++++ SUPPLIED MATERIAL ++++

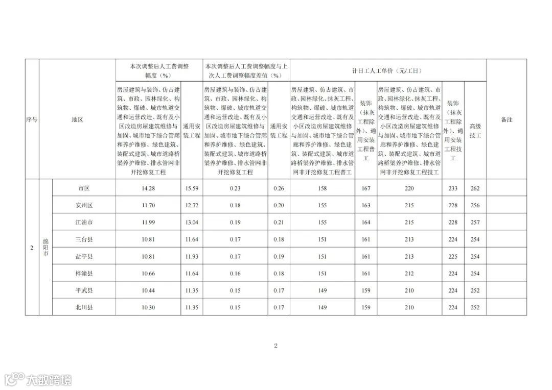 附件:2025年下半年各市(州)2020年《四川省建设工程工程量清单计价定额》人工费调整幅度及计日工人工单价
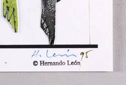Hernando León (*1933 Yungay, lebt in Dresden, Pirna und Santiago de Chile). Eigentlich Juan Hernando León Perez. Chilenischer Maler, Grafiker, Performancekünstler und Regisseur. 1952-58 Studium an der Universidad de Chile in Santiago Wandmalerei und Kunsterziehung, 1958-61 Grafik bei Hans Theo Richter an der Hochschule für Bildende Künste Dresden (HfBK). 1962-64 Lehrauftrag an der Academia Chilena de Bellas Artes in Valdivia in Chile. Danach Dozent an der Universität in Antofagasta. 1968 Mitbegründer des chilenischen Künstlerverbandes in Antofagasta. Ab 1970 Professor an der neu eröffneten Abteilung für architekturbezogene Kunst, ab 1972 Direktor. 1973 während Pinochets Militärputsch Verhaftung, 1974 Emigration in die DDR. 1974-1992 Dozent an der HfBK Dresden. Es entstanden Bühnenbilder (1976 "Mutter Courage" am Nationaltheater Weimar, 1987 "Die Zauberflöte" am Theater Junge Generation Dresden) sowie zahlreiche Wandbilder in Weimar, Bautzen, Schwerin und Dresden. 1996 Ausbau eines Atelierhauses in Pirna bei Dresden. Mitbegründung und Leitung des Museo Internacional de la Gráfica Contemporánea de Chillán (Chile).
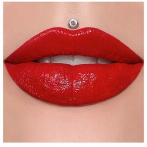 Experience the bold allure of Jeffree Star's red supreme gloss, featuring a glossy finish that enhances lip fullness and provides a creamy, moisturizing texture. This classic red shade with warm undertones offers precise application and full coverage, perfect for making a statement.
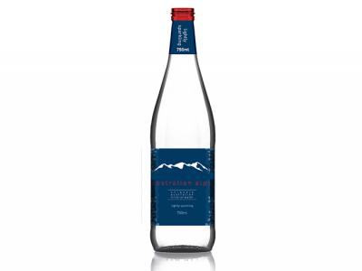Promotional mineral water bottles have your custom label printed, with a 750mL capacity. Prices include 1 colour print label. We offer a premium 750ml glass bottle in both a Lightly Sparkling or Still option. Comes with a Silver or Blue Cap. Red coloured caps available for unbranded stock.
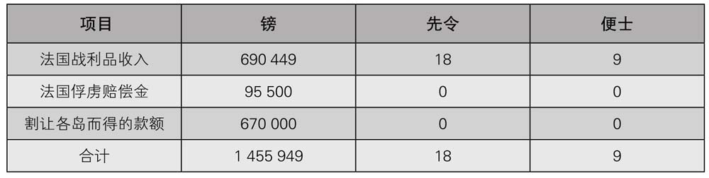1775年1月5日,英国长期公债为124 996 086镑1先令6便士;短期公债,除去一大笔皇室债务后,为4 150 236镑3先令11便士,两者合计为129 146 322镑5先令6便士。以此计算,在17年的和平时期,所偿还的债务仅为10 415 474镑16先令9便士。然而,即使这么小额度地减少公债,都不能用国家日常收入的节余偿还,还有许多是用和国家日常收入不相干的外来款项在偿还。其中包括3年内对土地税每镑增加1先令的税款,东印度公司为获得新地区而缴纳给国家的赔偿金200万镑,以及英格兰银行为更换特许权而缴纳的11万镑。还有的如由最近一次战争所产生的若干款项,也要附加到外来的款项中。主要如下表:
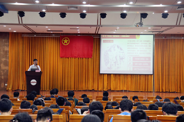 为纪念五四运动100周年,突出仪式教育感召作用,4月19日晚7点,学院于翡翠湖校区图书馆报告厅开展“青春心向党·建功新时代”主题团课。学院团委负责人、低年级辅导员、低年级全体团员共计500人共同参与,此次团课由校团委文化与素质拓展部部长刘政主讲。

++++

WORK REQUEST
Copy exactly and only this span: the line with "Promotional mineral water" through the final line of the entries, both ends included, with the pictures left out.

ANSWER SECTION
Promotional mineral water bottles have your custom label printed, with a 750mL capacity. Prices include 1 colour print label. We offer a premium 750ml glass bottle in both a Lightly Sparkling or Still option. Comes with a Silver or Blue Cap. Red coloured caps available for unbranded stock.
1775年1月5日,英国长期公债为124 996 086镑1先令6便士;短期公债,除去一大笔皇室债务后,为4 150 236镑3先令11便士,两者合计为129 146 322镑5先令6便士。以此计算,在17年的和平时期,所偿还的债务仅为10 415 474镑16先令9便士。然而,即使这么小额度地减少公债,都不能用国家日常收入的节余偿还,还有许多是用和国家日常收入不相干的外来款项在偿还。其中包括3年内对土地税每镑增加1先令的税款,东印度公司为获得新地区而缴纳给国家的赔偿金200万镑,以及英格兰银行为更换特许权而缴纳的11万镑。还有的如由最近一次战争所产生的若干款项,也要附加到外来的款项中。主要如下表:
 为纪念五四运动100周年,突出仪式教育感召作用,4月19日晚7点,学院于翡翠湖校区图书馆报告厅开展“青春心向党·建功新时代”主题团课。学院团委负责人、低年级辅导员、低年级全体团员共计500人共同参与,此次团课由校团委文化与素质拓展部部长刘政主讲。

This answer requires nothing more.